→ **Work task**: From the line containing "Diamond Paw Necklace" down to the last line of the material, output each line exactly as it appears, excluding pictures.

→ **Available data**:
****************
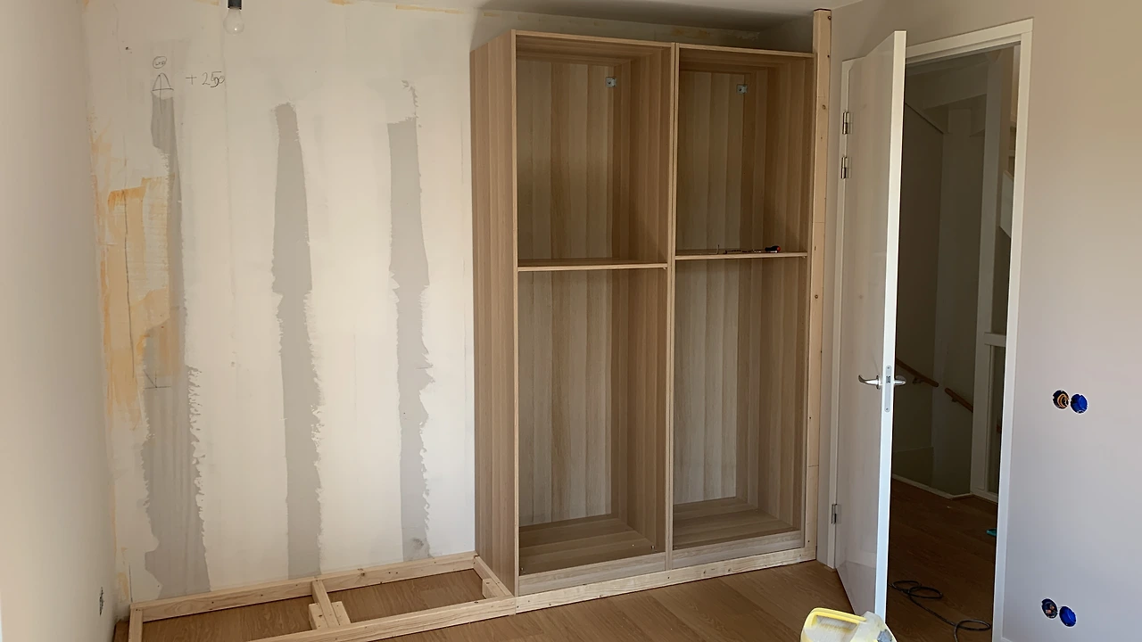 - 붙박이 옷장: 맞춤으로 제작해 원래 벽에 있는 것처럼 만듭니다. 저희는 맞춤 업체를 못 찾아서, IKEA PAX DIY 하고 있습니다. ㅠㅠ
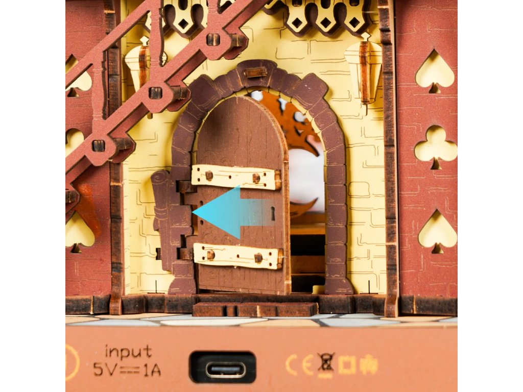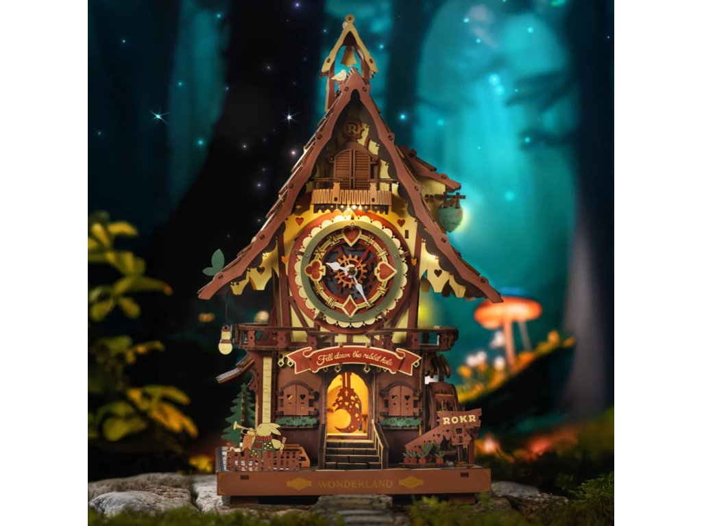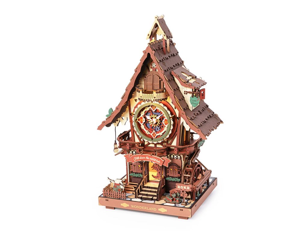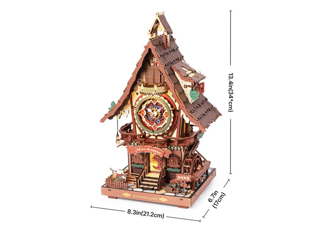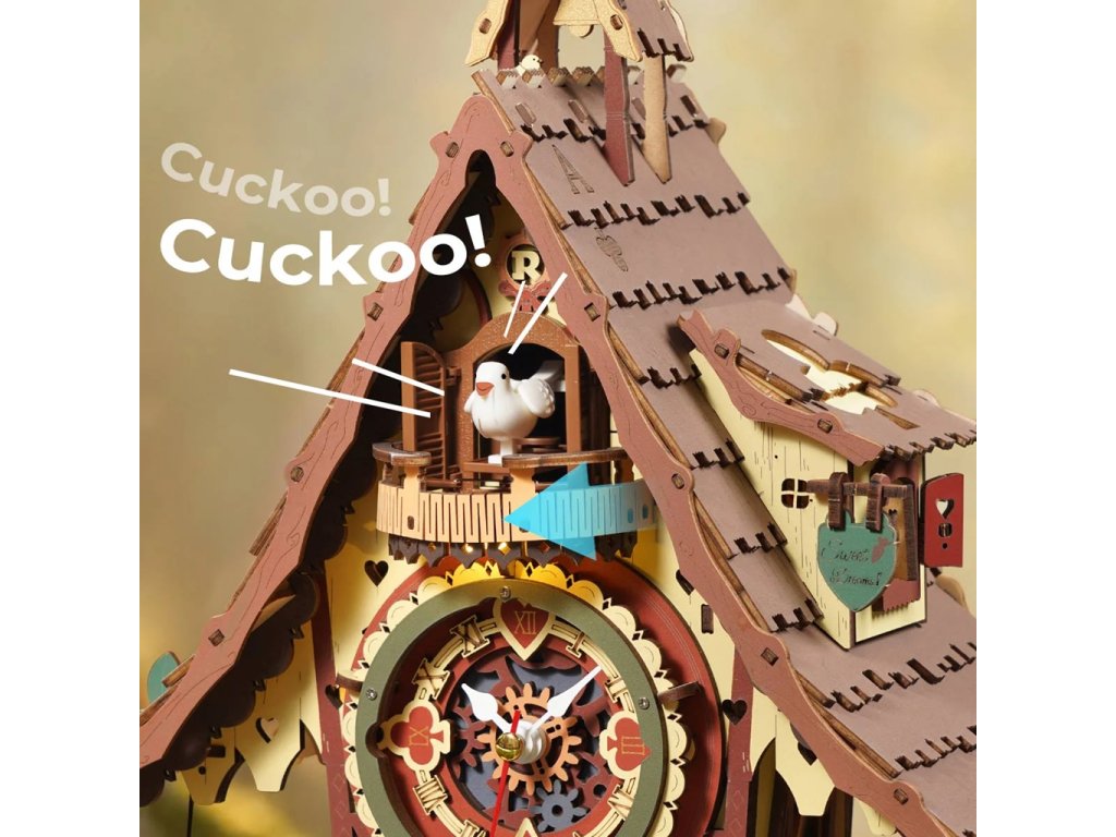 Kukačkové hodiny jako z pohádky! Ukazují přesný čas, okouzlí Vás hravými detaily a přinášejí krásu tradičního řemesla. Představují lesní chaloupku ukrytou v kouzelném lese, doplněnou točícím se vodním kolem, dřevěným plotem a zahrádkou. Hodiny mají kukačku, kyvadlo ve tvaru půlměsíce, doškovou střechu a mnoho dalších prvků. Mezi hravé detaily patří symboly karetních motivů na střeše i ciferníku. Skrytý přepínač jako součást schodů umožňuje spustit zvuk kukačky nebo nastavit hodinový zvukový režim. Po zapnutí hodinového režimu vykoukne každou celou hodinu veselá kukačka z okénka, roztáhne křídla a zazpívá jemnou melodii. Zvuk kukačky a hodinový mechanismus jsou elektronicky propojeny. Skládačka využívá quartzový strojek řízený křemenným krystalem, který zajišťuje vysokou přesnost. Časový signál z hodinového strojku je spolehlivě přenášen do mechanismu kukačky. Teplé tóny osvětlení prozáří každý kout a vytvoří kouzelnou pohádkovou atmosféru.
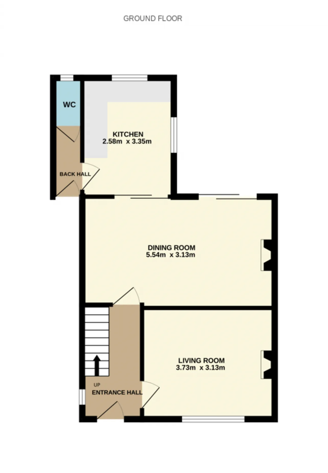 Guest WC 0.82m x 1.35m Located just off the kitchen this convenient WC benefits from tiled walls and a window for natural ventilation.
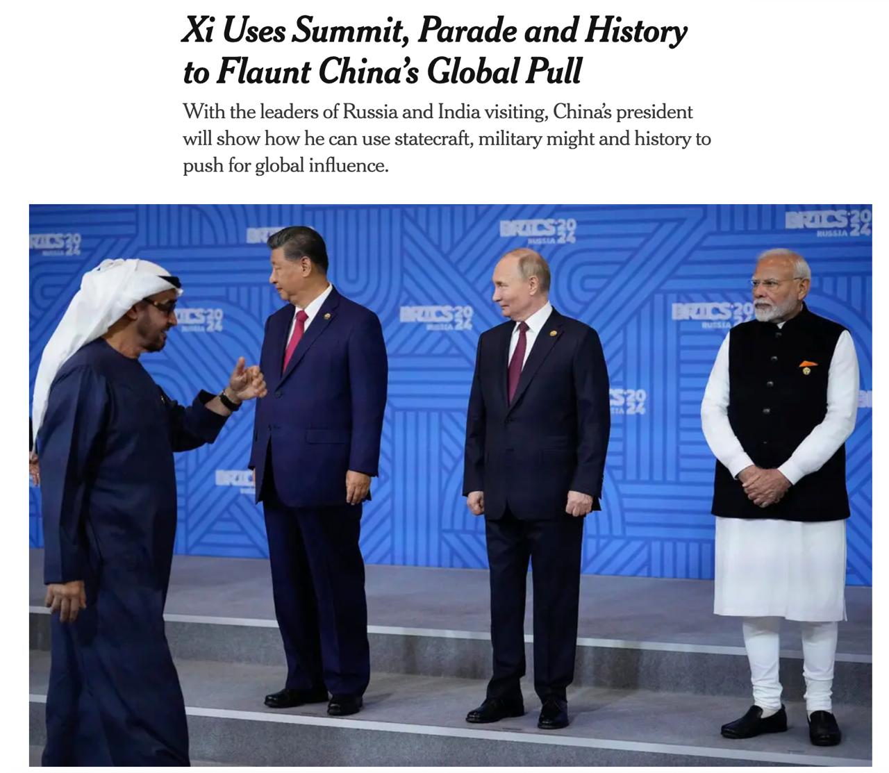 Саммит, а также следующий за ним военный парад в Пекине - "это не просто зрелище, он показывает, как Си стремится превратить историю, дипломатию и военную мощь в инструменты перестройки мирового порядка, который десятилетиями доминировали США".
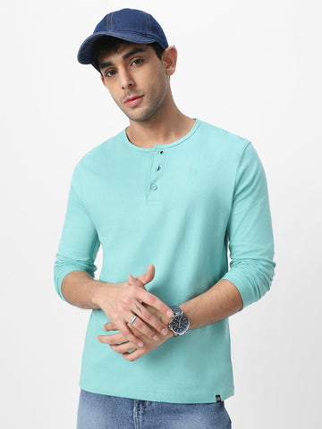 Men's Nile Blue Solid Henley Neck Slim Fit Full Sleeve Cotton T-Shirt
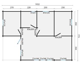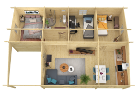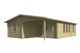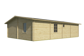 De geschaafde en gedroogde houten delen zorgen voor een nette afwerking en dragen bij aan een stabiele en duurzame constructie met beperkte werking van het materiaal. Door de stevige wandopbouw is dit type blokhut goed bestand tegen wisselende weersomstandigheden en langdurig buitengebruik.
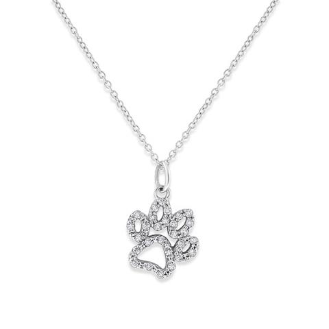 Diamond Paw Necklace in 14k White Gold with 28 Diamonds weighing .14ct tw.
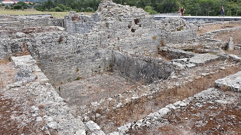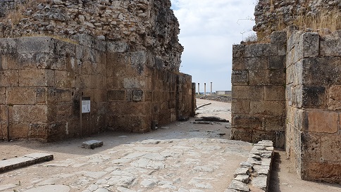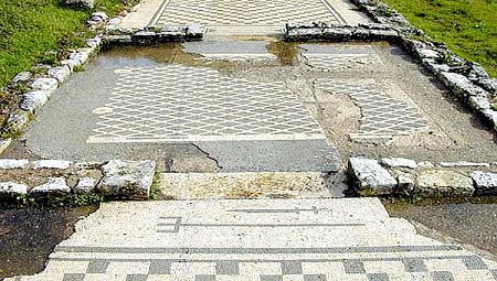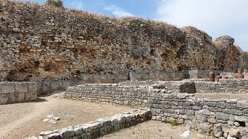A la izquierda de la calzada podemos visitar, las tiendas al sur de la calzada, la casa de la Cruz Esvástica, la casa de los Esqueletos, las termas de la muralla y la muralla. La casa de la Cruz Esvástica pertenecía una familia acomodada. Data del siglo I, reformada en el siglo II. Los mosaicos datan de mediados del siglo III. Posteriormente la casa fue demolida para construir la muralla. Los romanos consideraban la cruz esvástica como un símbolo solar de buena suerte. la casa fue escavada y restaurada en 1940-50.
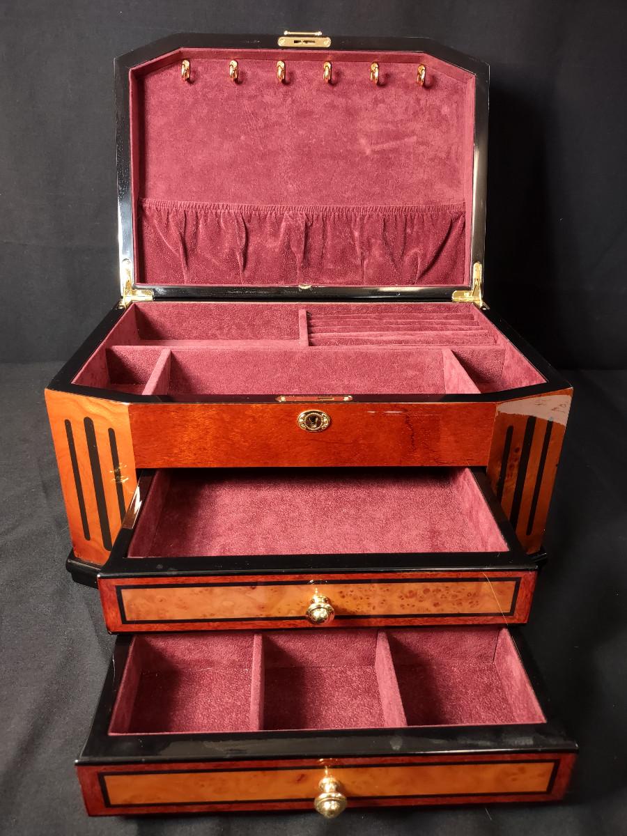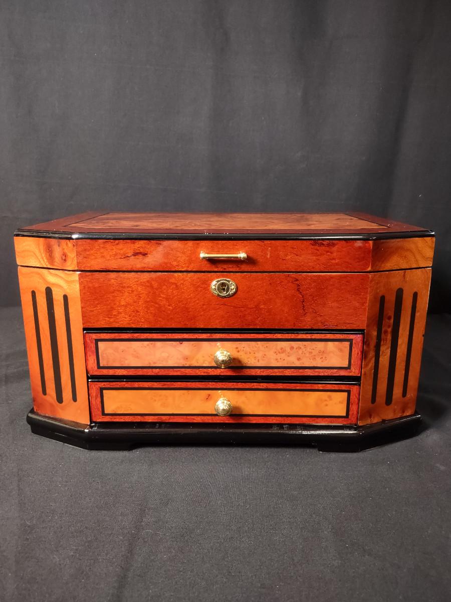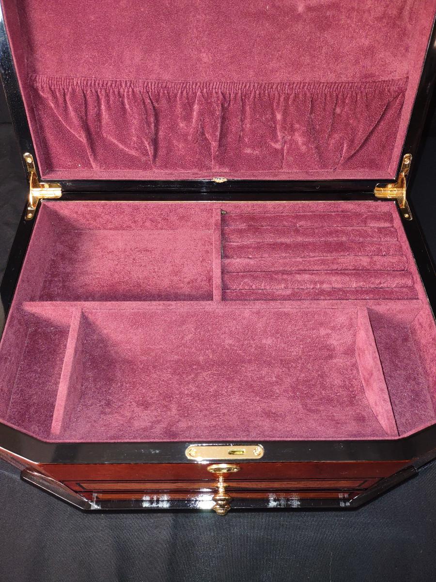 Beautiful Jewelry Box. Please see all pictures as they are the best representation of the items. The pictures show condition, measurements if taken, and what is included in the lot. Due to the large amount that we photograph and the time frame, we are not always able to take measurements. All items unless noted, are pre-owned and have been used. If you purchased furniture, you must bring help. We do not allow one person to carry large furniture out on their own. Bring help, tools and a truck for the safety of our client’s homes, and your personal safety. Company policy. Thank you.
****************
→ **Result of the exercise**:
 Diamond Paw Necklace in 14k White Gold with 28 Diamonds weighing .14ct tw.
A la izquierda de la calzada podemos visitar, las tiendas al sur de la calzada, la casa de la Cruz Esvástica, la casa de los Esqueletos, las termas de la muralla y la muralla. La casa de la Cruz Esvástica pertenecía una familia acomodada. Data del siglo I, reformada en el siglo II. Los mosaicos datan de mediados del siglo III. Posteriormente la casa fue demolida para construir la muralla. Los romanos consideraban la cruz esvástica como un símbolo solar de buena suerte. la casa fue escavada y restaurada en 1940-50.
 Beautiful Jewelry Box. Please see all pictures as they are the best representation of the items. The pictures show condition, measurements if taken, and what is included in the lot. Due to the large amount that we photograph and the time frame, we are not always able to take measurements. All items unless noted, are pre-owned and have been used. If you purchased furniture, you must bring help. We do not allow one person to carry large furniture out on their own. Bring help, tools and a truck for the safety of our client’s homes, and your personal safety. Company policy. Thank you.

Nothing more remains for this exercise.